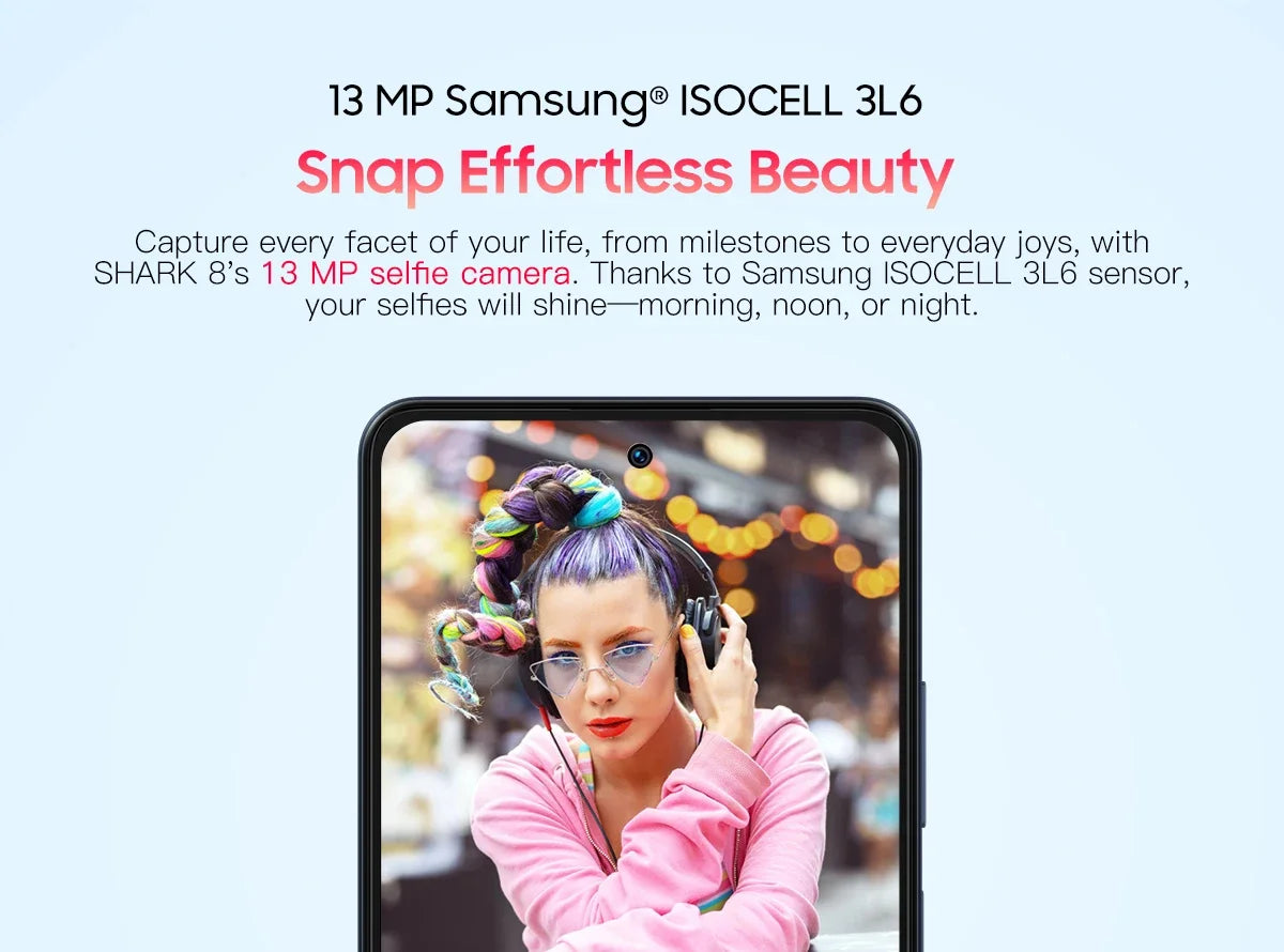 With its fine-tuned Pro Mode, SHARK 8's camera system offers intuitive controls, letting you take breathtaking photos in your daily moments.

==

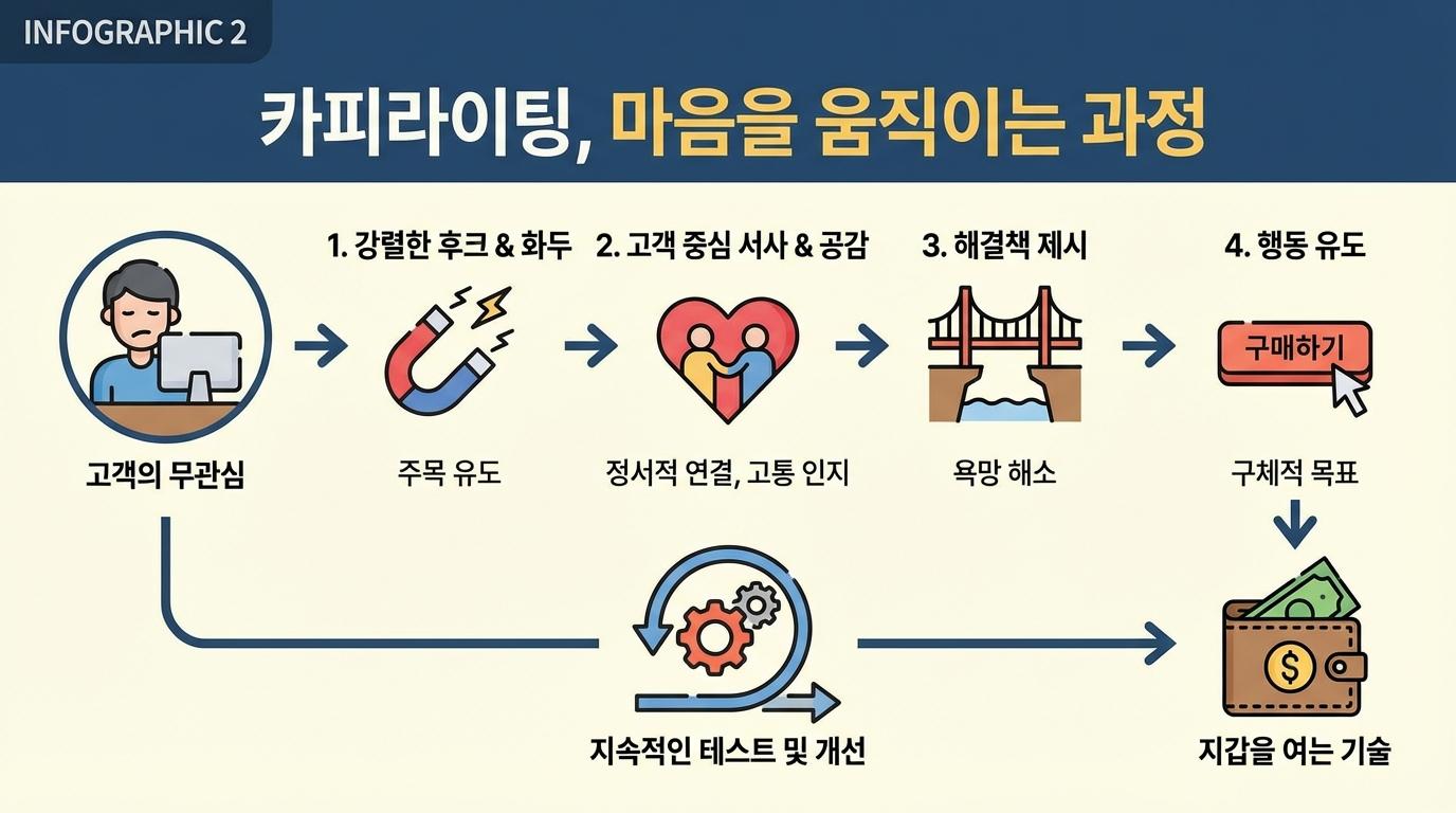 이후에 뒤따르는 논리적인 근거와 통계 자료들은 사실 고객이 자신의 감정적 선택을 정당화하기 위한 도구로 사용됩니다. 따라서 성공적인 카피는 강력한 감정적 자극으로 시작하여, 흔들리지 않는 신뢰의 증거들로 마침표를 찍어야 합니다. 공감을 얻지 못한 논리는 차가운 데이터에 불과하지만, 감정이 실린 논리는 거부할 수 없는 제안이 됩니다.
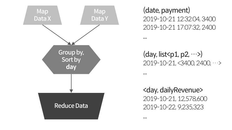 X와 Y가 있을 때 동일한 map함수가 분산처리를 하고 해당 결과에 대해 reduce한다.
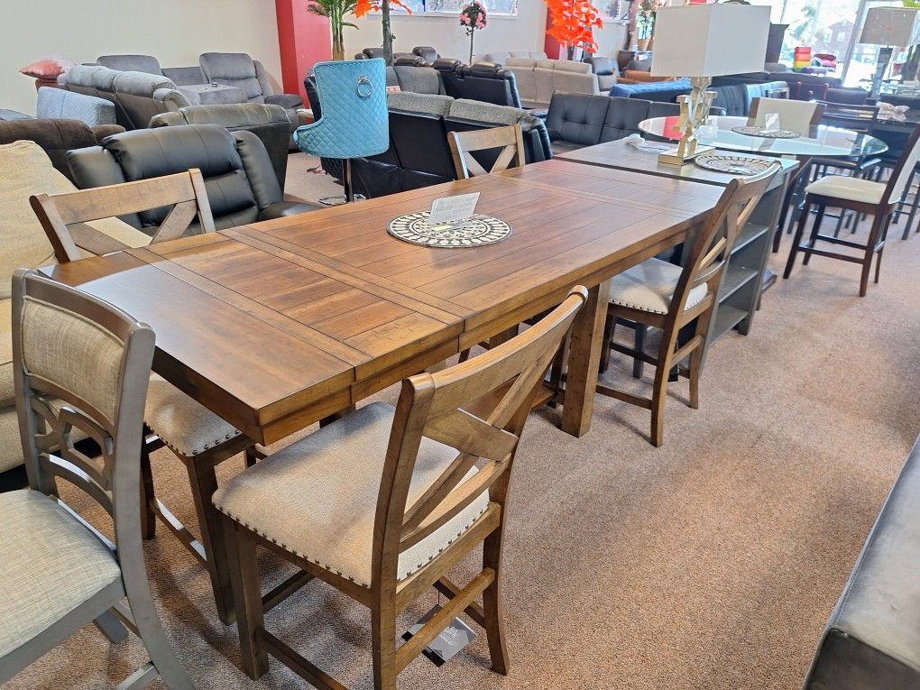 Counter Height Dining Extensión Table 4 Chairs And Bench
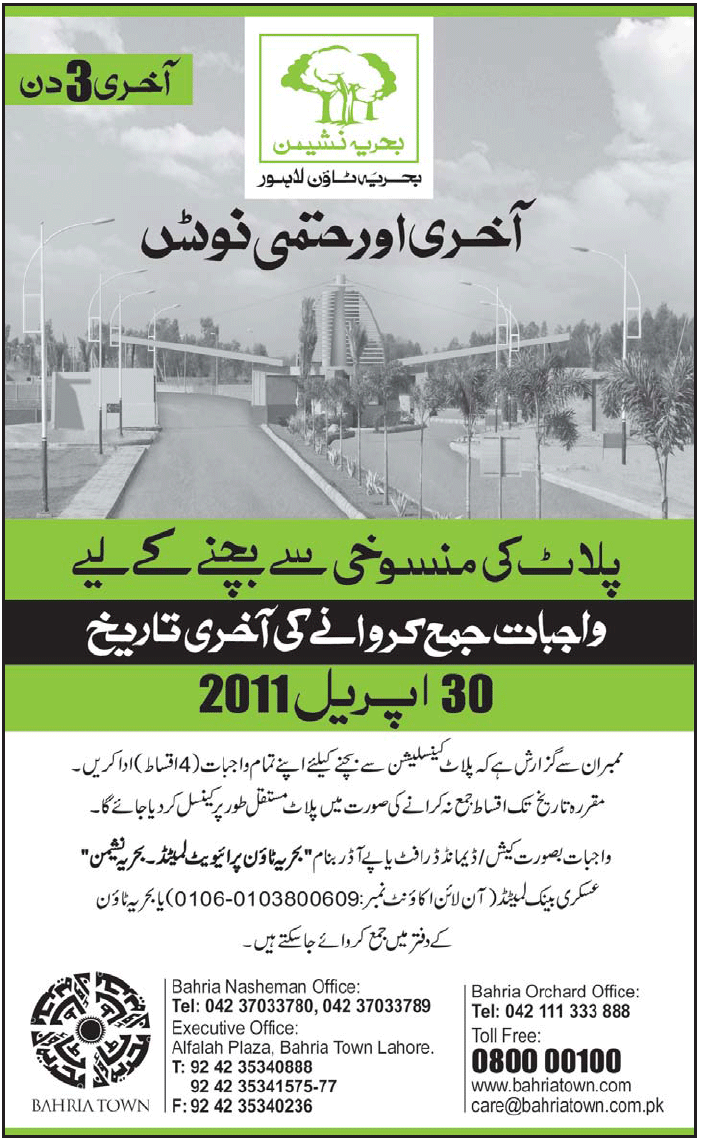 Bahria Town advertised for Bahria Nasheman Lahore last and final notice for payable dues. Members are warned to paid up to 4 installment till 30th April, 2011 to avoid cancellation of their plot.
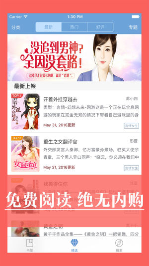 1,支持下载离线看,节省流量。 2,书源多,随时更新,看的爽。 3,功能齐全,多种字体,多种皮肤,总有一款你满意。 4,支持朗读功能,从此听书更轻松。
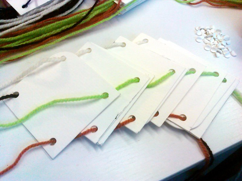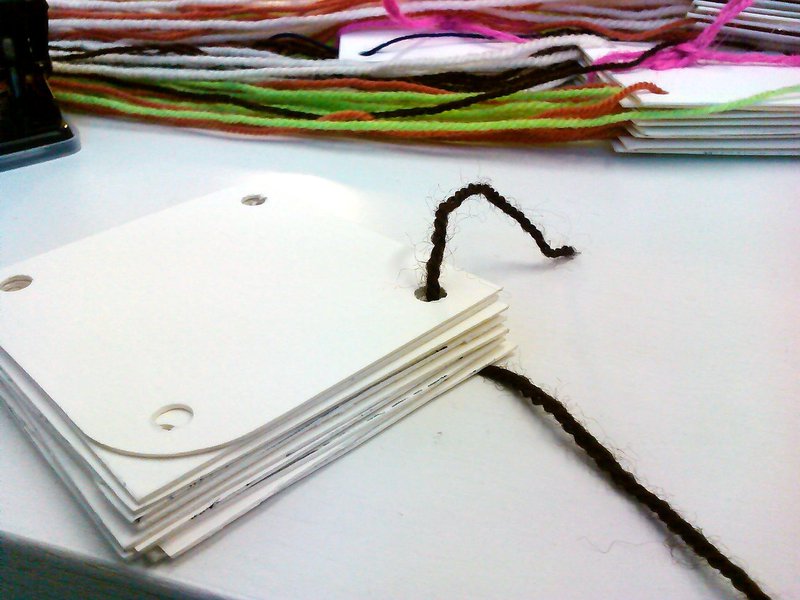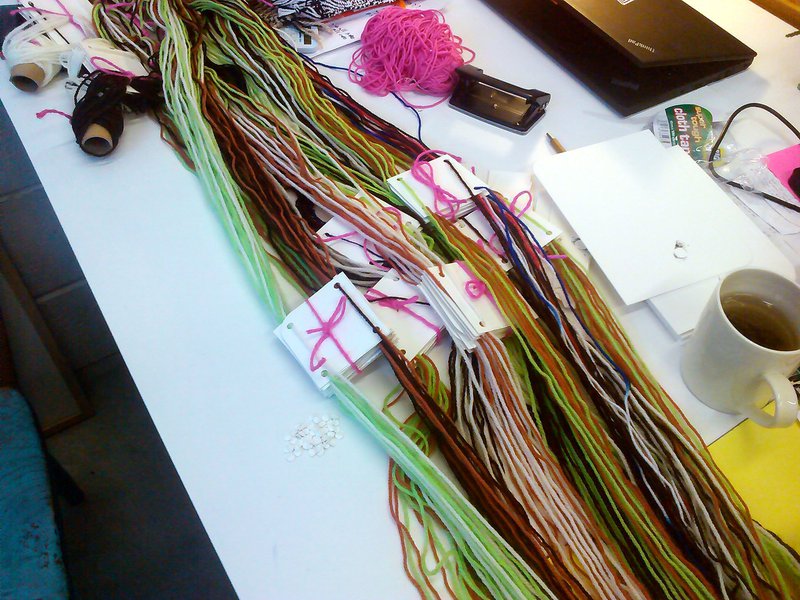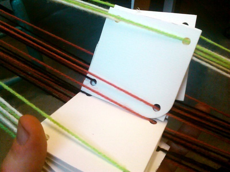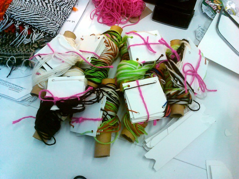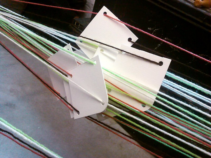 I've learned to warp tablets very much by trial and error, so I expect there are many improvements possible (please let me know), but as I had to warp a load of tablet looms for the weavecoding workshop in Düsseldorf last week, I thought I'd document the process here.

Exercise – Copy word for word the lines of the records above from the one with "X와 Y가 있을 때 동일한" up to and including the one with "I've learned to". Skip the pictures.

Answer area –
 X와 Y가 있을 때 동일한 map함수가 분산처리를 하고 해당 결과에 대해 reduce한다.
 Counter Height Dining Extensión Table 4 Chairs And Bench
 Bahria Town advertised for Bahria Nasheman Lahore last and final notice for payable dues. Members are warned to paid up to 4 installment till 30th April, 2011 to avoid cancellation of their plot.
 1,支持下载离线看,节省流量。 2,书源多,随时更新,看的爽。 3,功能齐全,多种字体,多种皮肤,总有一款你满意。 4,支持朗读功能,从此听书更轻松。
 I've learned to warp tablets very much by trial and error, so I expect there are many improvements possible (please let me know), but as I had to warp a load of tablet looms for the weavecoding workshop in Düsseldorf last week, I thought I'd document the process here.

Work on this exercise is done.